The thesis has five main contributions. First, we propose a new method for logical inference, called first-order knowledge compilation. We show that by compiling relational models into a new circuit language, hard inference problems become tractable to solve. Furthermore, we present an algorithm that compiles relational models into our circuit language. Second, we show how to use first-order knowledge compilation for statistical relational models, leading to a new state-of-the-art lifted probabilistic inference algorithm. Third, we develop a formal framework for exact lifted inference, including a definition in terms of its complexity w.r.t. the number of objects in the world. From this follows a first completeness result, showing that the two-variable class of statistical relational models always supports lifted inference. Fourth, we present an algorithm for approximate lifted inference by performing exact lifted inference in a relaxed, approximate model. Statistical relational models are receiving a lot of attention today because of their expressive power for learning. Fifth, we propose to harness the full power of relational representations for that task, by using lifted parameter learning. The techniques presented in this thesis are evaluated empirically on statistical relational models of thousands of interacting objects and millions of random variables.

Abstracts Symposium

Open-universe probability models: idea, theory, and applications

Speaker:
Stuart Russell, Computer Science Division, University of California, Berkeley, USA and LIP6, University Pierre et Marie Curie, France

Abstract:
The first part of the talk will briefly summarize the historical development and current status of formal languages for open-universe probability models, which allow for uncertain reasoning about unknown objects and events. The second part will focus on an application: global seismic monitoring for the Comprehensive Nuclear-Test-Ban Treaty.
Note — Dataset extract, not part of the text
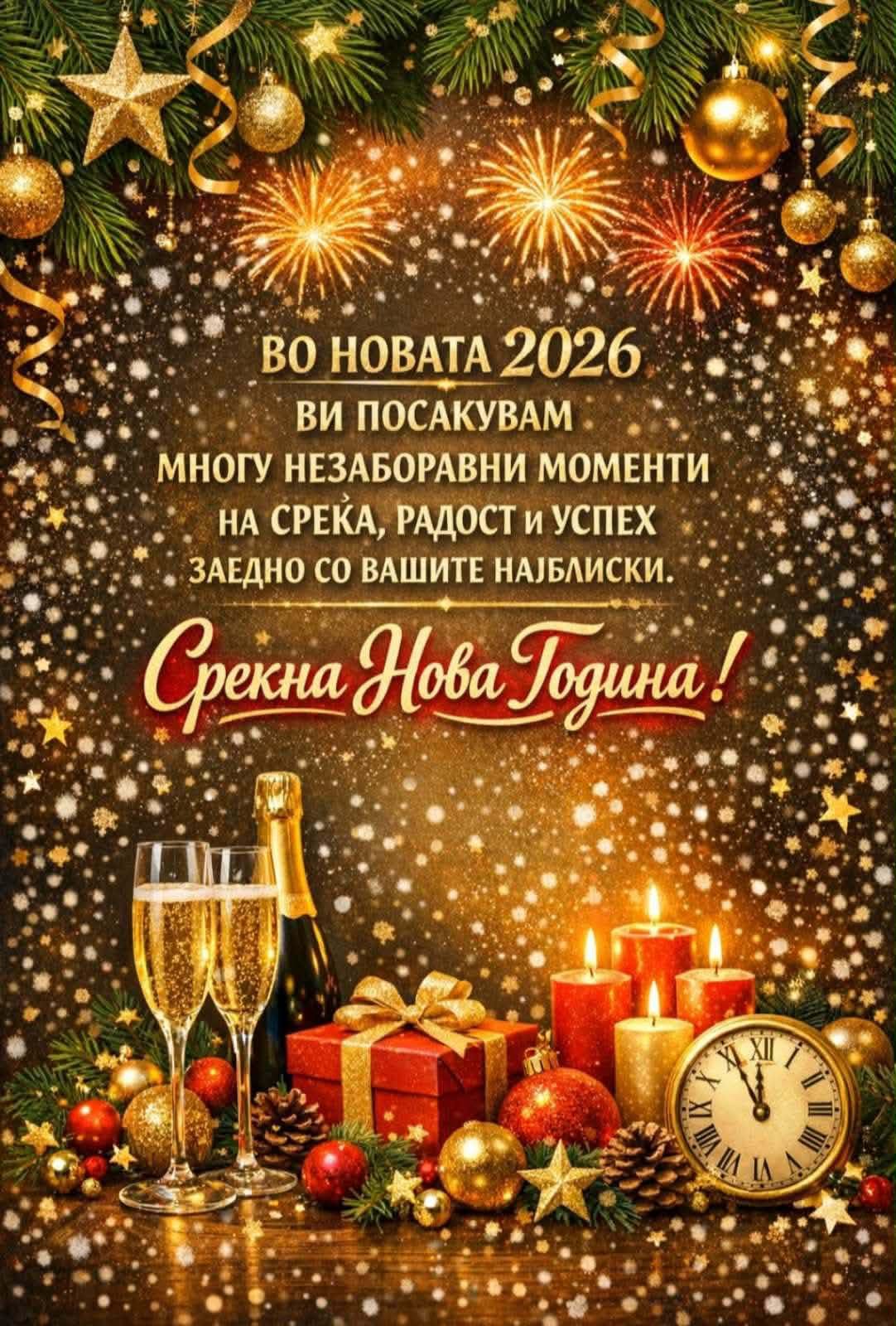 Нека Бог ви дарува Здравје Среќа, Мир, Љубов Слога и Успеси во Новата година.

The speaker is supported by, and this talk is given under the auspices of, the Blaise Pascal International Research Chair, funded by l'Etat et la Region d'Ile de France and administered by the Fondation de l'Ecole Normale Superieure.

Generalized Decision Diagrams: The game is not over yet!

Speaker:
Adnan Darwiche, Computer Science Department, University of California, Los Angeles, USA

Abstract:
Decision diagrams have played an influential role in computer science and AI over the past few decades, with OBDDs (Ordered Binary Decision Diagrams) as perhaps the most practical and influential example. The practical influence of OBDDs is typically attributed to their canonicity, their efficient support of Boolean combination operations, and the availability of effective heuristics for finding good variable orders (which characterize OBDDs and their size). Over the past few decades, significant efforts have been exerted to generalize OBDDs, with the goal of defining more succinct representations while retaining the attractive properties of OBDDs. On the theoretical side, these efforts have yielded a rich set of decision diagram generalizations. Practially, however, OBDDs remain as the single most used decision diagram in applications. In this talk, I will discuss a recent line of research for generalizing OBDDs based on a new type of Boolean-function decompositions (which generalize the Shannon decomposition underlying OBDDs).

I will discuss in particular the class of Sentential Decision Diagrams (SDDs), which branch on arbitrary sentences instead of variables, and which are characterized by trees instead of total variable orders. SDDs retain the main attractive properties of OBDDs and include OBDDs as a special case. I will discuss recent theoretical and empirical results, and a soon-to-be-released open source package for supporting SDDs, which suggest a potential breakthrough in the quest for producing more practical generalizations of OBDDs.